Наверно, Варвара не смогла бы вынести всего, что случилось с нею за эти дни, если б не жила в душе у нее тайна ее любви. Ни на минуту не угасал в ней тот огонек, отсвет которого можно было видеть в ее глазах, тот маленький огонек, которого все же хватало, чтоб осветить особенным светом и согреть особенным теплом все, что она видела вокруг. Свойством ее любви, которую она упрямо скрывала и не могла скрыть ни от себя, ни от людей, — свойством ее любви было освещать и согревать все существующее вокруг. Любя Лажечникова, Варвара любила не только себя и свою любовь к нему, она любила всю землю и всех людей на земле. Любовь наполняла ее добротой, иногда она даже боялась, что эта доброта ослепит ее, сделает неспособной видеть разницу между добром и тем злом, которое существует в мире и которое надо ненавидеть.
«Нет, я не могу быть только доброй, — думала Варвара, — не могу быть только доброй и жалеть всех без разбора. Если я буду жалеть всех, то я должна жалеть и фашиста, который вот уже два года разрушает, жжет, убивает на моей земле… Разве я могу жалеть того фашиста, который убил Шрайбмана, и Гулояна, и других, кого я не знаю, не видела никогда? У каждого из них была своя радость в жизни, и эта радость наполняла их добротой, но они не могли не противостать убийству, не должны были допустить, чтоб радость и доброта ослепили их. Моя доброта относится только к добру, когда же она начнет относиться и к злу, она сама сделается злом, я перестану быть доброй, сделаюсь равнодушной ко всему, что происходит не только во мне и со мною, но и вокруг меня, во всем мире…»
— А я заезжал к вам, — вдруг прервал ее мысли Васьков. — Два раза приезжал… Да вас все не было.

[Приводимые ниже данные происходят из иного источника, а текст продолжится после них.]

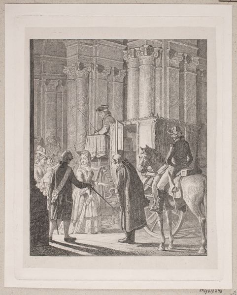 Antonio Capellan created 'Germanicus, pl. III' using etching, a printmaking technique, where lines are incised into a metal plate to hold ink. The process itself is labor-intensive, demanding great skill in both design and execution. The intricate lines and fine details highlight the artist's control over the medium, as well as the labor involved. Etching gained popularity as a medium for both artistic expression and the dissemination of information, particularly during the Enlightenment. The use of etching allowed for a relatively efficient way to reproduce images, making art and ideas more accessible to a broader audience. Capellan's choice of etching aligns with the print medium's ability to circulate images and stories, reflecting a shift towards a more democratic and accessible art world. Ultimately, understanding the material and the process behind this etching gives us insight into the cultural and social context of its creation, blurring the boundaries between craft and art.
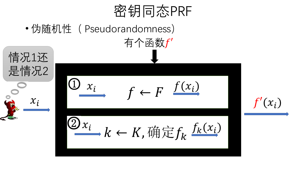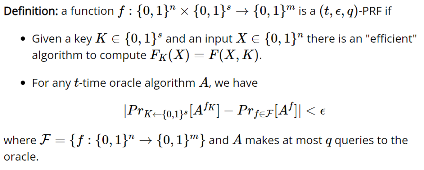 PRF是指现在有一个密钥\(k\)去选择F集合中的第\(k\)个\(f\),并不是均匀随机选取的,为了保证为随机性还需准备另一个\(f'\)是均匀随机选取的\(f\).当P1拥有密钥\(k\),P2拥有输入\(x_i\),双方执行PRF协议时P2无法区分PRF的输出\(f(x_i)\)是由P1通过自己的密钥\(k\)选取的\(f_k\)计算得到的\(f_k(x_i)\)还是由\(f'\)计算得到的\(f'(x_i)\)
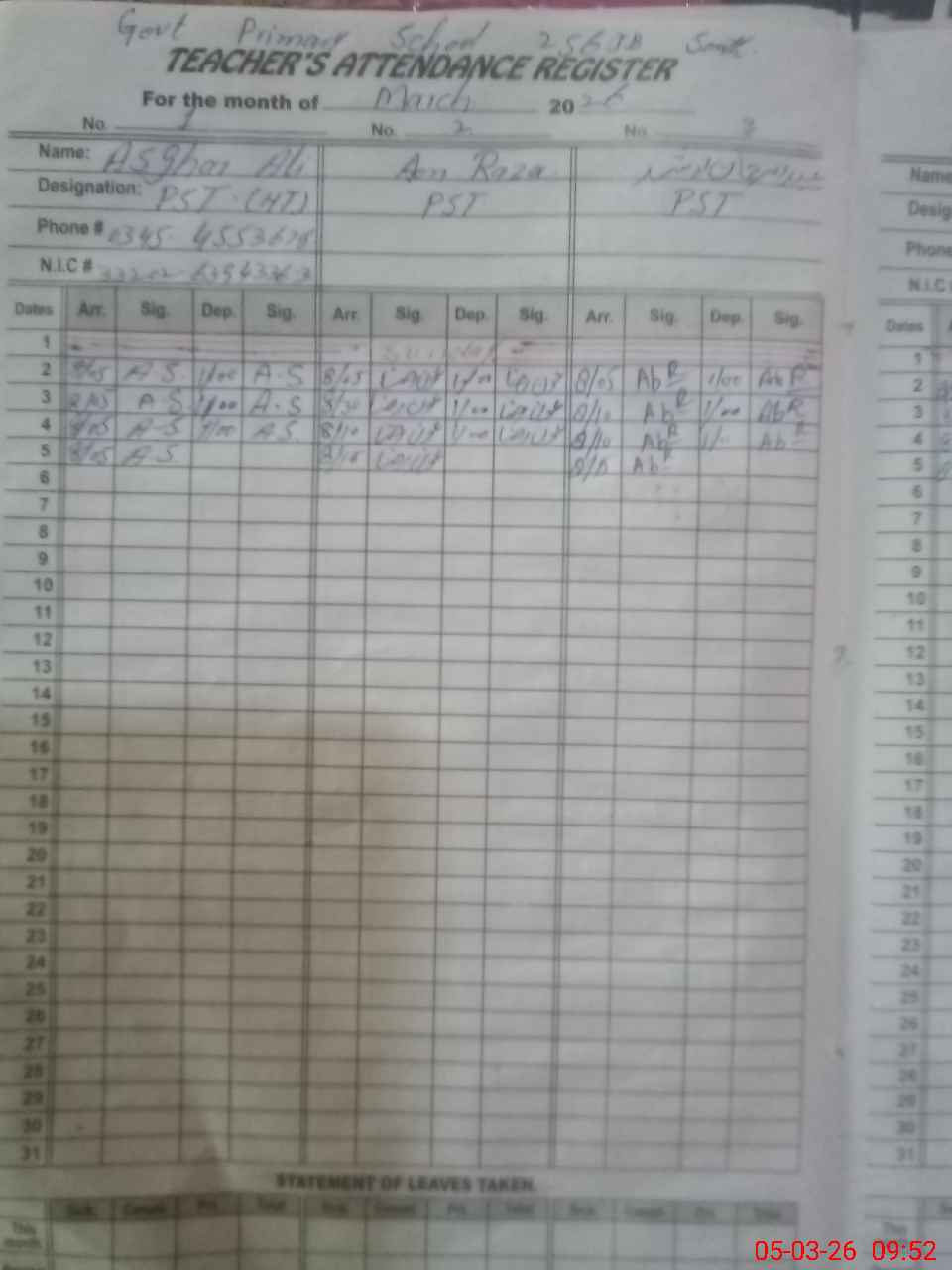 | Name: As**** Al**** Designation: (School Headmaster's/Headmistress's) PST/PTC/JV Phone/Cell Number: 03**** |
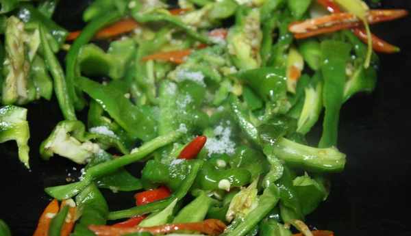 接著熱鍋下油放入蒜片和薑絲爆出香味,倒入切好的辣椒,大火翻炒加點鹽更能突出辣椒的辣味喲。
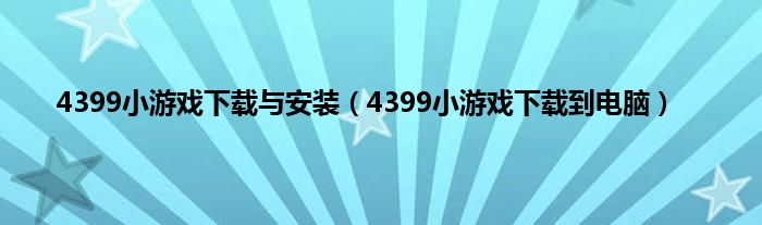 以上就是【4399小游戏下载与安装,4399小游戏下载到电脑】相关内容。
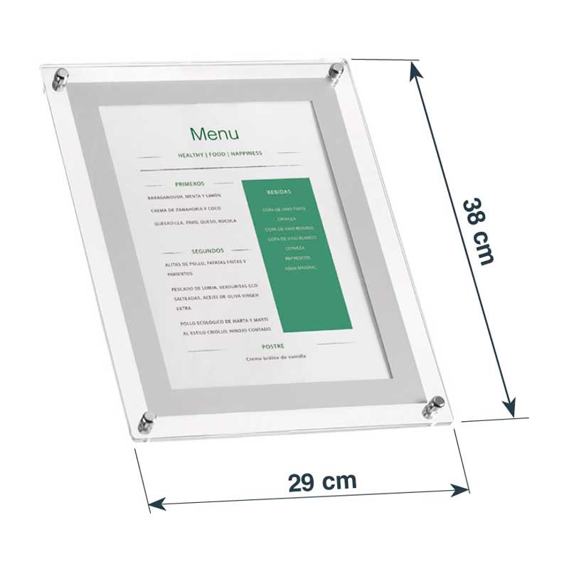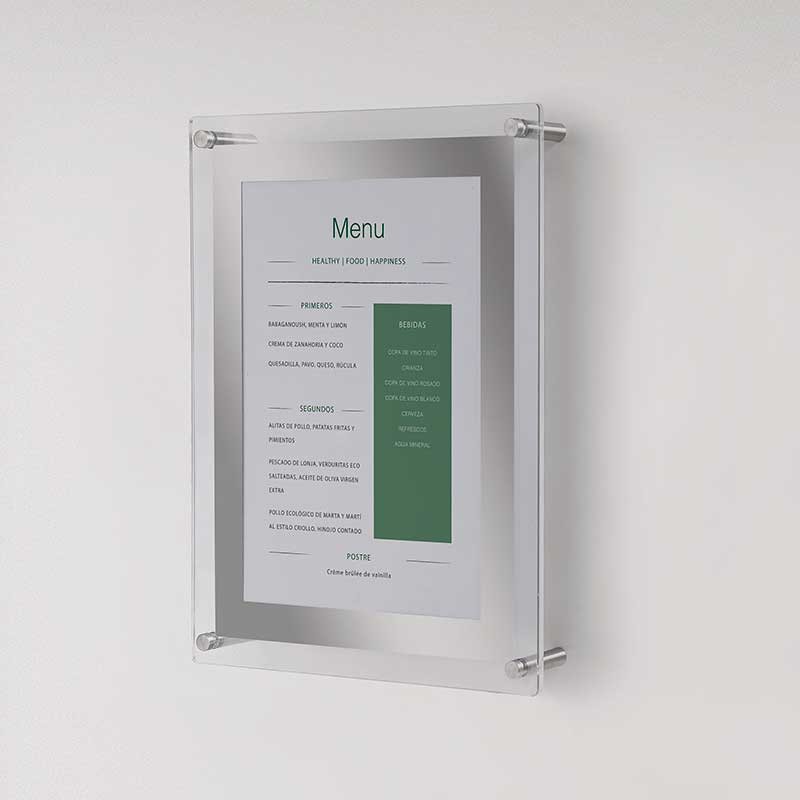 Menu-Ständer A4-Format mit Acryl-Tableau. Freistehend oder fur Wand- oder Tischmontage.
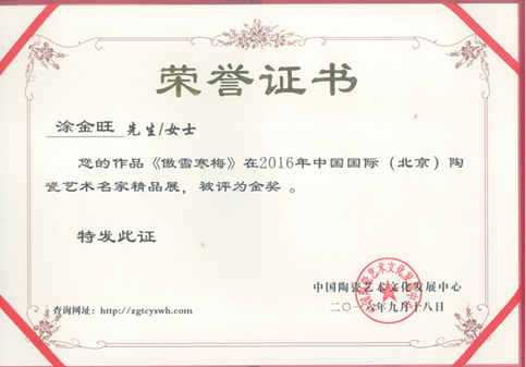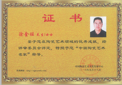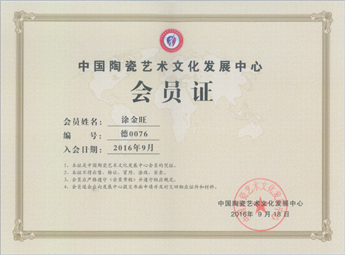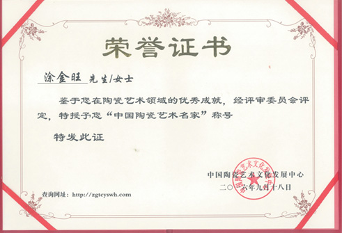2017年經(jīng)中國(guó)陶瓷藝術(shù)文化發(fā)展中心專家評(píng)審委員會(huì)評(píng)定為“中國(guó)陶瓷藝術(shù)名家”
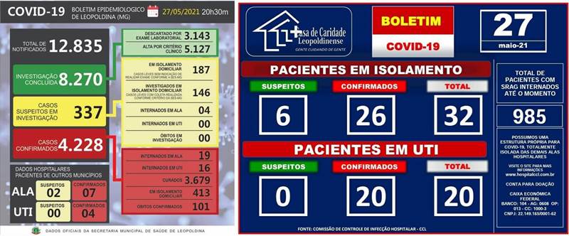De acordo com os boletins da SMS e da Casa de Caridade Leopoldinense, 52 pessoas seguem internadas com a suspeita ou confirmação de Covid-19, 20 em terapia intensiva e 32 em enfermaria.
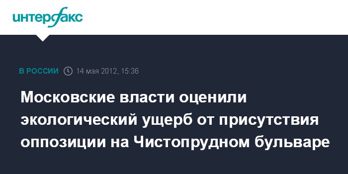 Москва. 14 мая. INTERFAX.RU - Ущерб экологии от действий оппозиционеров на Чистопрудном бульваре составил около 1 млн рублей, сообщили "Интерфаксу" в понедельник в пресс-службе департамента природопользования и охраны окружающей среды Москвы.
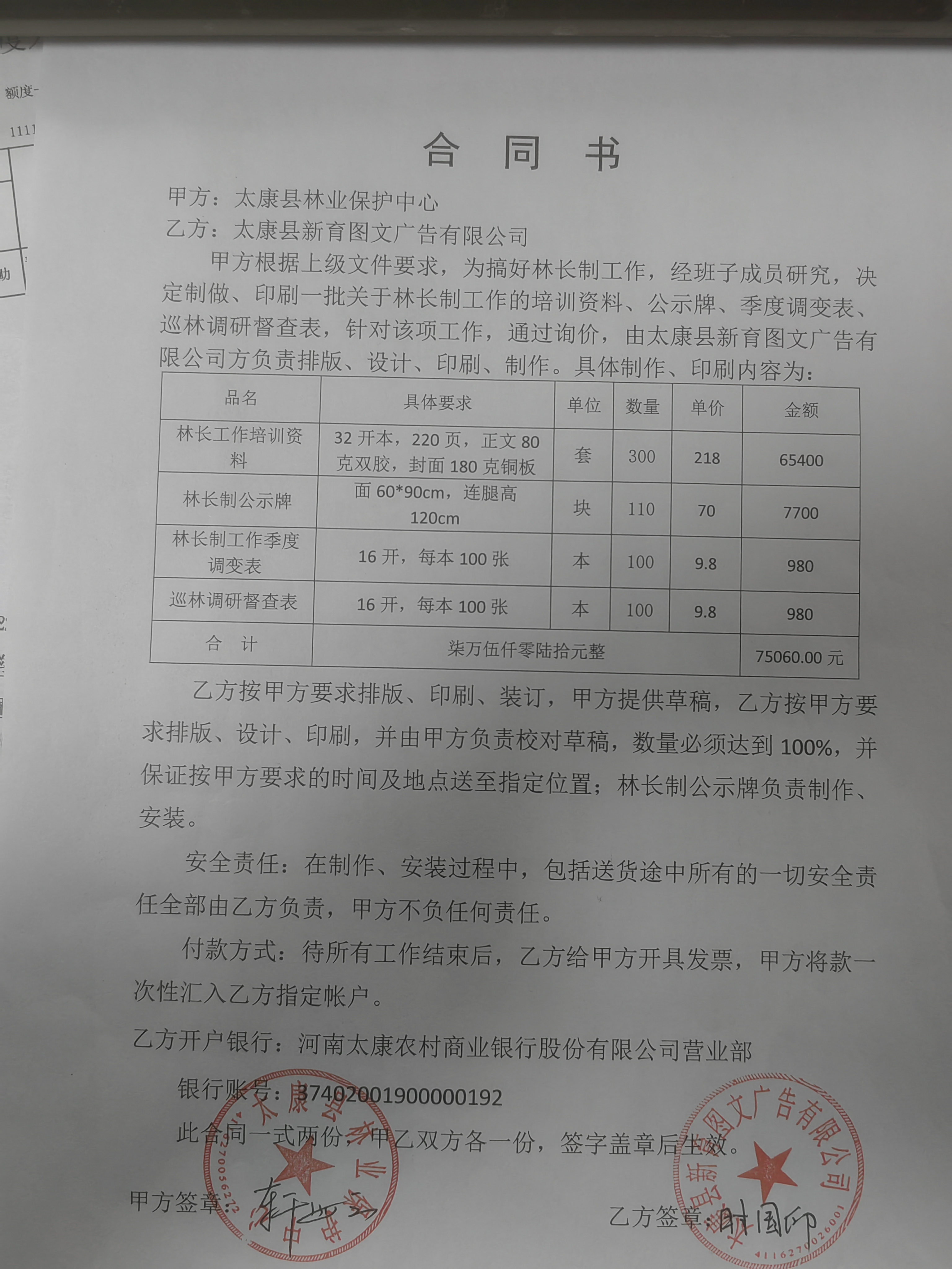 | 二、合同名称:太康县林长制办公室打印制作林长制培训资料、公示牌等采购项目 | ||||||||||||

Видно, что-то оттаяло в душе Васькова, раз он решил заговорить с Варварой.
— Боевой народ ваши корреспонденты!.. Я там у вас с одним познакомился… забыл, как фамилия… свой в доску, хоть и подполковник!
— Пасеков?
— Он и есть, Пасеков!
Чем мог затронуть душу бывалого шофера Пасеков?
Пасеков не произвел на Варвару особенного впечатления, разве что умение его быть «своим в доску», как выразился Васьков, заметила она, когда готовились ко дню рождения Дубковского, к празднику, который так плохо кончился… Значит, у Пасекова есть еще что-то, кроме качеств «рубахи-парня», она этого не заметила, а Васьков заметил.
— Подполковник Пасеков на штурмовку летал.
— Ну? — восхищенно откликнулась Варвара.
— Я сам сначала думал, что ну! А выходит, летал, — не отрывая глаз от темной
— Он вам сам рассказывал?
— Зачем сам? Там у них шофер есть, шофер и рассказывал. Летчика, говорит, ранило, но он дотянул-таки до своего аэродрома, только потом упал без сознания, много крови потерял… А Пасеков сел и написал в газету, как и что было… Интересно будет теперь прочесть.
Чтоб написать о боевых действиях летчиков, не обязательно подниматься в воздух. Война не спорт. При всех своих качествах Пасеков не такой человек, чтоб искать острых ощущений там, где другие идут на смерть.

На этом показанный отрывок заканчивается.